Not in the old “the CPU runs everything” way. That era is gone for frontier AI. The GPU is still where most of the expensive tensor math happens. It is still the engine that turns parameters, attention, and activations into tokens.

But as workloads move from training to inference, and from inference to agentic systems, the shape of useful work changes. The model does not just consume a batch and produce a loss. It waits for users. It streams. It calls tools. It retrieves context. It validates. It retries. It manages memory. It enforces policy. It handles tenants. It watches budgets. It decides whether a request should go to a fast path, a cheap path, a safe path, or no path at all.

That work is not “just overhead.” In production inference, it is the difference between an AI demo and an AI service.

So yes, the CPU is back.

The twist is that this does not make the GPU story weaker. It makes the full-system story much more important.

The ratio sketch is directionally right

The image that kicked off this post makes a useful argument: the GPU-to-CPU ratio gets less extreme as AI moves through three eras.

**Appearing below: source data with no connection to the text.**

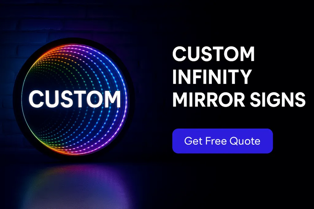Infinity mirror signs are a bold, modern option that blends art with technology to create a unique visual effect. Built with a combination of mirrors, LED lights, and acrylic layers, these signs create the illusion of depth and glowing patterns. They are durable, energy-efficient, and fully customizable—making them suitable for businesses, events, or creative spaces looking for distinctive signage. Whether it’s a small infinity logo for your reception or a large piece for your storefront, these signs are designed to enhance visibility and strengthen your brand presence.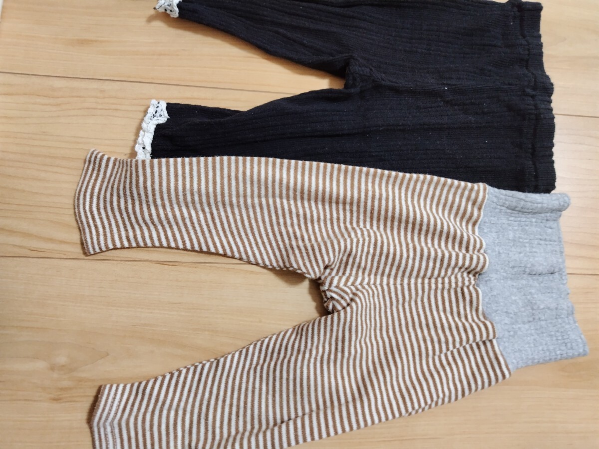 2.白 茶系 ボーダー レギンス 80サイズ 記名なし アカチャンホンポ購入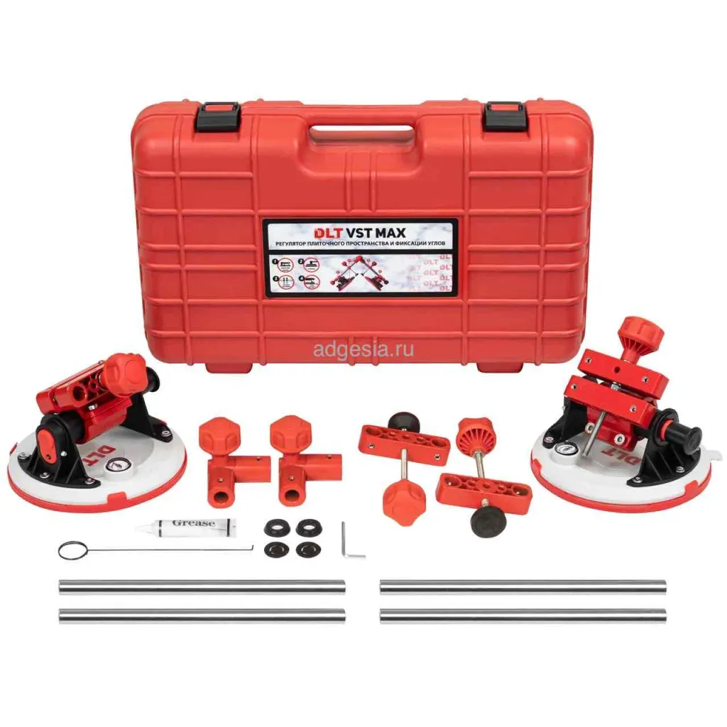 Система фиксации углов и регулировки плиточного пространства DLT VST MAX — это многофункциональное устройство 2 в 1. Она представляет собой струбцину с помповыми присосками, предназначенную для стягивания плит и выравнивания швов между ними как по горизонтали, так и по вертикали. Также система используется для фиксации внешних и внутренних углов. Идеально подходит для работы с крупноформатным керамогранитом, натуральным и искусственным камнем, керамикой, стеклом, пластмассовыми панелями и кварцевым агломератом. Применение этой системы позволяет значительно повысить эффективность монтажа.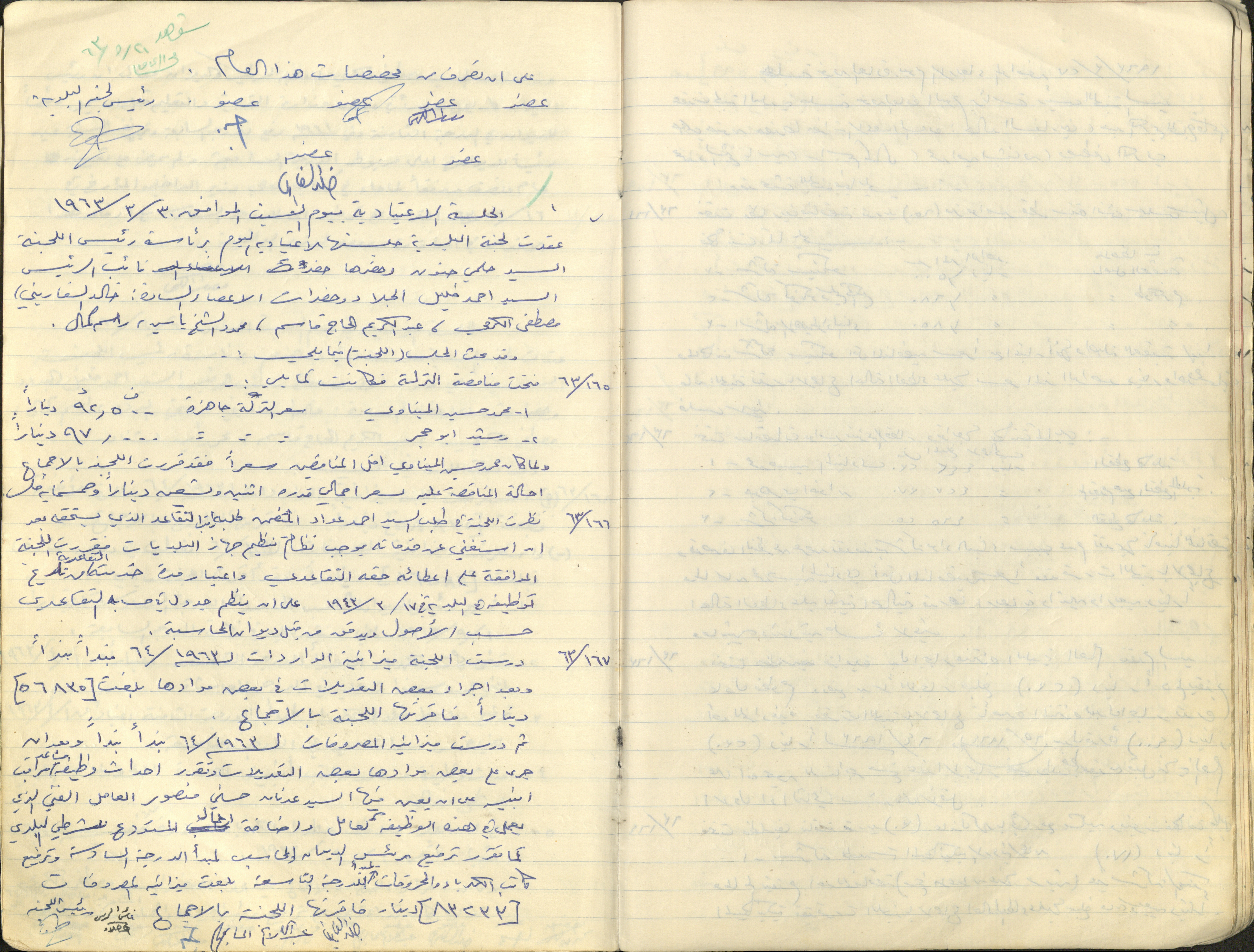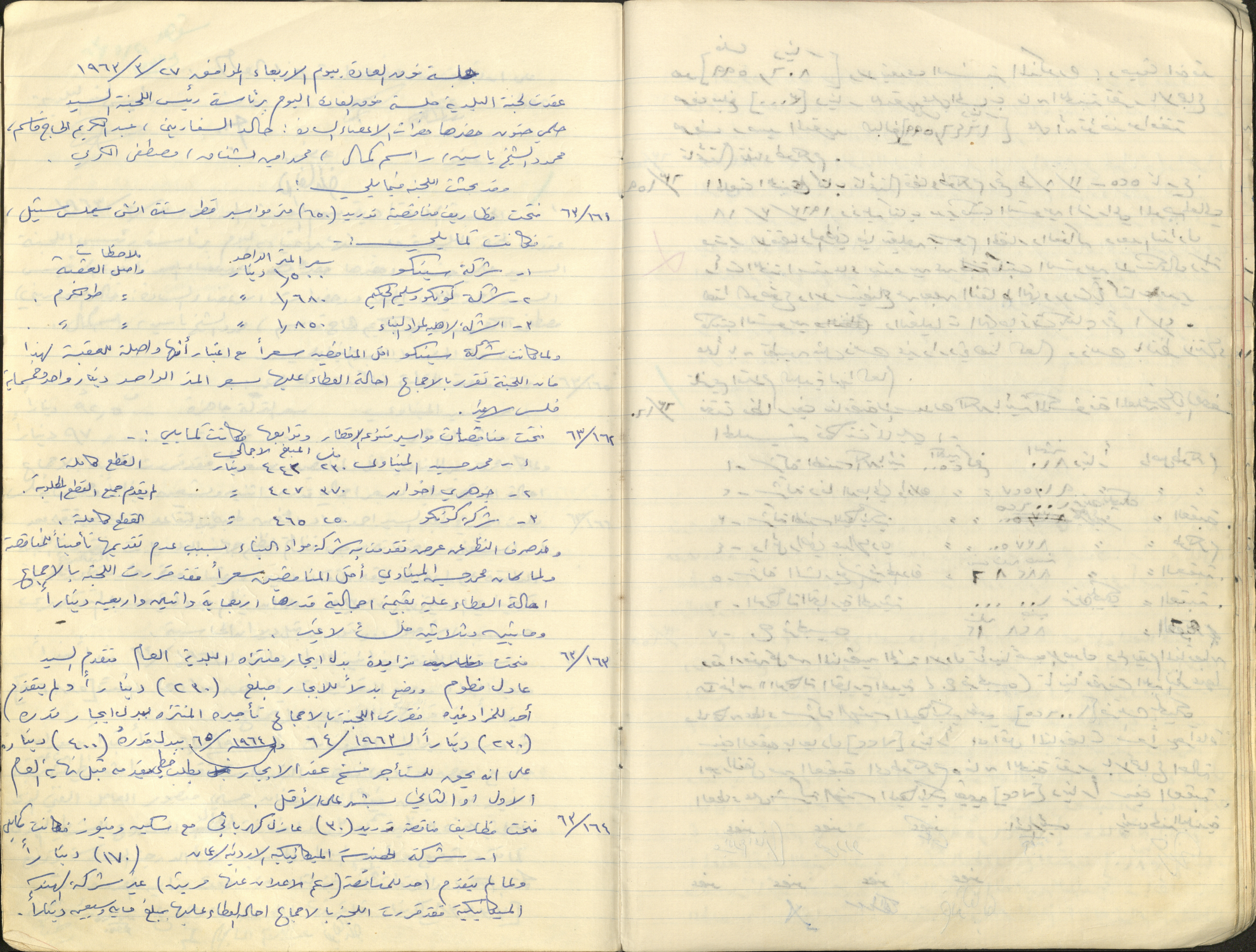 Found in the Tulkarm Municipality records, these are handwritten minutes of the municipal meetings. The notes record the proceedings and decisions made by the municipality on service provision and local population affairs.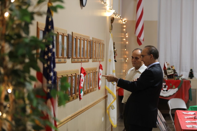 Ben Borbor, board member, makes a point with Gilberto Raices, Red Feather Building custodian.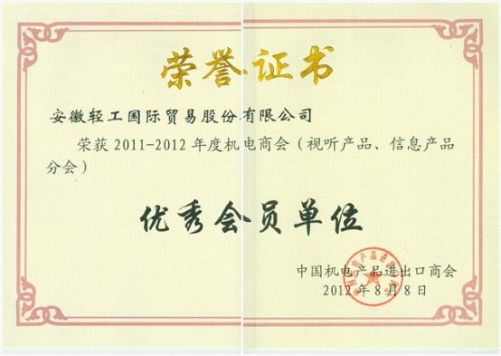 | 2012年08月 公司榮獲2011-2012年度機電商會優秀會員單位稱號 | |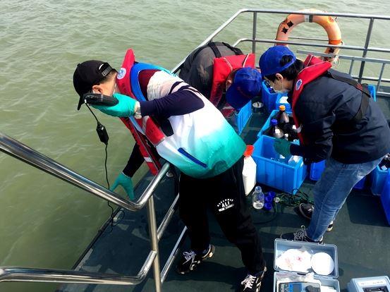 此次采样工作量大,样品多,路线长,采样人员们提前准备好样品瓶于当天上午8点从码头出发,严格按照疫情防控规范要求,全程佩戴口罩,做好自身防护,历时8个多小时完成全部采样任务,并现场对浊度、溶解氧等项目进行检测。后续,该中心将依据《地表水环境质量标准》GB3838-2002检测标准对本次采集样品进行甲苯等化学物质残留,重金属及氨氮、总磷、总氮等109项指标的检测分析。

Training, inference, and agentic AI shift the useful CPU role from GPU-heavy training to CPU-aware agentic systems — The ratios are directional, not laws of physics. The workload decides the real balance.

In the training era, the center of gravity was obvious. You wanted as much GPU compute, HBM capacity, and interconnect bandwidth as the budget and power envelope allowed. CPUs mattered, but mostly as hosts and feeders. If the GPUs were not busy, the system was failing.

Inference made the CPU more visible. Serving is not a single giant matrix operation. It is thousands or millions of uneven requests fighting for latency, fairness, memory, and cost. Decode is sequential. KV cache grows. Sessions become sticky. Batch shape changes every few milliseconds. Routing becomes a cost decision. Suddenly, the host side matters more.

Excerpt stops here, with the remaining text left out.